Students must also have at least 80% attendance at laboratory sessions.
This course is a standard 15 point course delivered across two semesters (7.5 points per semester), and will include two assessments; one in semester 1 and one in semester 2.
On average, students are expected to spend 150 hours in each 15 point course that they are enrolled in.
Therefore, for this course you should expect to commit 24 hours per semester to direct contact via on-campus counselling laboratory practice. Attendance at timetabled laboratory practice is compulsory.
You can also reasonably expect to commit up to 100 hours to independent learning across the two semesters. This may include reading (and more reading), note-taking, face-to-face and/or discussion, writing, engaging in collaborative group work, problem solving, undertaking practical tasks, reflecting on learning, accessing learning and study resources, and assignment, preparation and completion.
Campus Experience & Campus Experience
At least 80% attendance is required at scheduled weekly labs to receive credit for the practical components of the course.
Course materials are made available in a learning and collaboration tool called Canvas which also includes reading lists and lecture recordings (where available).
Please remember that the recording of any class on a personal device requires the permission of the instructor.
This course is practical and experiential. Classes take the form of interactive small groups of between 4 and 5 students and one tutor. Students are expected to practice counselling each other within a safe and supervised environment. Recordings will be made of each counselling session and made available for review and critique via a secure section of the CANVAS page. These recordings are only available to group members.
At the end of every semester students will be invited to give feedback on the course and teaching through a tool called SET or Qualtrics. The lecturers and course co-ordinators will consider all feedback and respond with summaries and actions.
Your feedback helps teachers to improve the course and its delivery for future students.
Class Representatives in each class can take feedback to the department and faculty staff-student consultative committees.
The University of Auckland will not tolerate cheating, or assisting others to cheat, and views cheating in coursework as a serious academic offence. The work that a student submits for grading must be the student's own work, reflecting their learning. Where work from other sources is used, it must be properly acknowledged and referenced. This requirement also applies to sources on the internet. A student's assessed work may be reviewed against online source material using computerised detection mechanisms.
Class representatives are students tasked with representing student issues to departments, faculties, and the wider university.
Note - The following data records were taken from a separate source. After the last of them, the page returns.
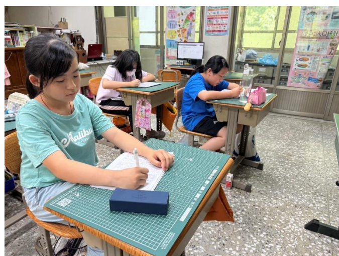
海洋科學導覽回到學校完成學習單

簡影們官看經鋪的如一譚教成室最 流介模到特得保的樓底學為一有 是口型了陳殊出養的仕下我印 什導多北的來很跡上問最我 麼覽覽台之四樣久，看間，象 ？覽覽島外子般了，發我 和？覽覽主，也船了，驚 台跟有，，是已，然，訝 灣我們著台，，是已，然，訝 的介的，，是已，然，訝 水我們，，是已，然，訝 文介的，，是已，然，訝 有紹的，，是已，然，訝 了便氣灣投 了便氣灣投
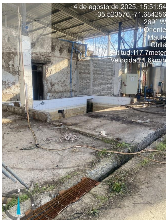
Figura 2 Fotografías estado actual de desmovilización de las obras.
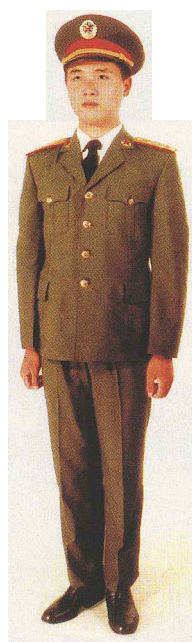
陆军男军官夏常服
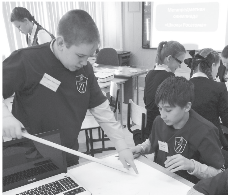
Метапредметная олимпиада школьников

Финалистами проекта стали шесть педагогов из школы № 64 и лицея, детских садов № 6 и 18, два коллектива образовательных учреждений — школа № 72
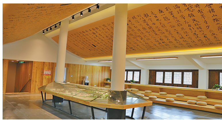
天一阁·月湖景区游客中心

天一阁·月湖5A级景区创建意义重大、影响深远，通过政府主导、部门联动、社会参与，不仅使广大市民多了一个旅游休闲的好去处，更在于宁波人乃至浙江人此后将会多一个可以为之执着守望的精神和文化家园，为“诗画浙江”的旅游品质提升树立标杆。
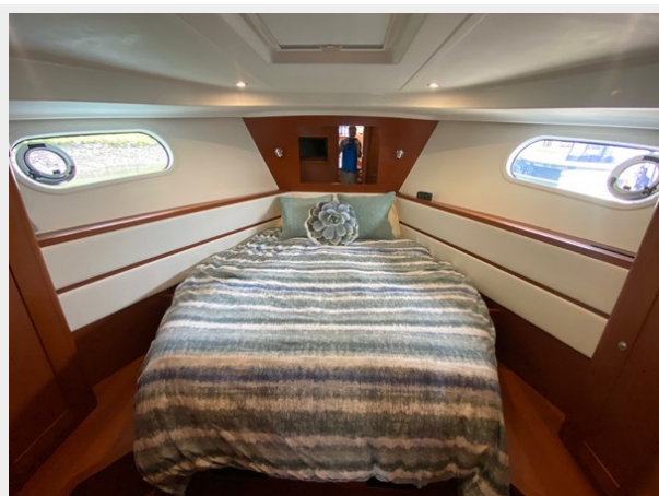
2019 ST 44 - 33
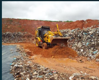
Teresina - CTA
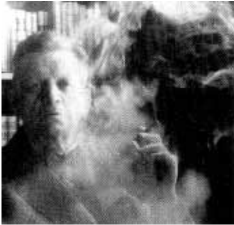
Abendroth mit seiner stets dampfende Zigarre

„Ohne Volldampf geht es nicht recht vorwärts“. Diese Äußerung Hermann Abendroths ist in doppelter Hinsicht zu verstehen: Zum einen kennzeichnet sie das rastlose Engagement im Dienst der Musik, der Interpretation, zum anderen verweist sie auf ein unverzichtbares Attribut des Dirigenten – die stets dampfende Zigarre, selbst in den Proben! Als ihn einmal ein Musiker des Leipziger Rundfunk-Sinfonieorchesters bei einer Aufnahme im Sendesaal auf das strikte Rauchverbot hinwies, zückte er gelassen ein Schreiben aus der Westentasche, das es ihm als einzigem erlaubte, im Funkhaus zu rauchen. Diese Zusicherung soll sogar Gegenstand der Antrittsverhandlungen gewesen sein. Heute undenkbar!

If you have a complaint about this course, please contact your class rep who will know how to raise it in the right channels. See your departmental noticeboard for contact details for your class reps.
All students are asked to discuss any impairment related requirements privately, face to face and/or in written form with the course coordinator, lecturer or tutor.
Student Disability Services also provides support for students with a wide range of impairments, both visible and invisible, to succeed and excel at the University. For more information and contact details, please visit the Student Disability Services’ website http://disability.auckland.ac.nz
If your ability to complete assessed coursework is affected by illness or other personal circumstances outside of your control, contact a member of teaching staff as soon as possible before the assessment is due.
If your personal circumstances significantly affect your performance, or preparation, for an exam or eligible written test, refer to the University’s aegrotat or compassionate consideration page https://www.auckland.ac.nz/en/students/academic-information/exams-and-final-results/during-exams/aegrotat-and-compassionate-consideration.html.
This should be done as soon as possible and no later than seven days after the affected test or exam date.
In the event of an unexpected disruption, we undertake to maintain the continuity and standard of teaching and learning in all your courses throughout the year. If there are unexpected disruptions the University has contingency plans to ensure that access to your course continues and course assessment continues to meet the principles of the University’s assessment policy. Some adjustments may need to be made in emergencies. You will be kept fully informed by your course co-ordinator/director, and if disruption occurs you should refer to the university website for information about how to proceed.
Student Charter and Responsibilities
The Student Charter assumes and acknowledges that students are active participants in the learning process and that they have responsibilities to the institution and the international community of scholars. The University expects that students will act at all times in a way that demonstrates respect for the rights of other students and staff so that the learning environment is both safe and productive. For further information visit Student Charter https://www.auckland.ac.nz/en/students/forms-policies-and-guidelines/student-policies-and-guidelines/student-charter.html.
Elements of this outline may be subject to change. The latest information about the course will be available for enrolled students in Canvas.
In this course students may be asked to submit coursework assessments digitally. The University reserves the right to conduct scheduled tests and examinations for this course online or through the use of computers or other electronic devices. Where tests or examinations are conducted online remote invigilation arrangements may be used. In exceptional circumstances changes to elements of this course may be necessary at short notice. Students enrolled in this course will be informed of any such changes and the reasons for them, as soon as possible, through Canvas.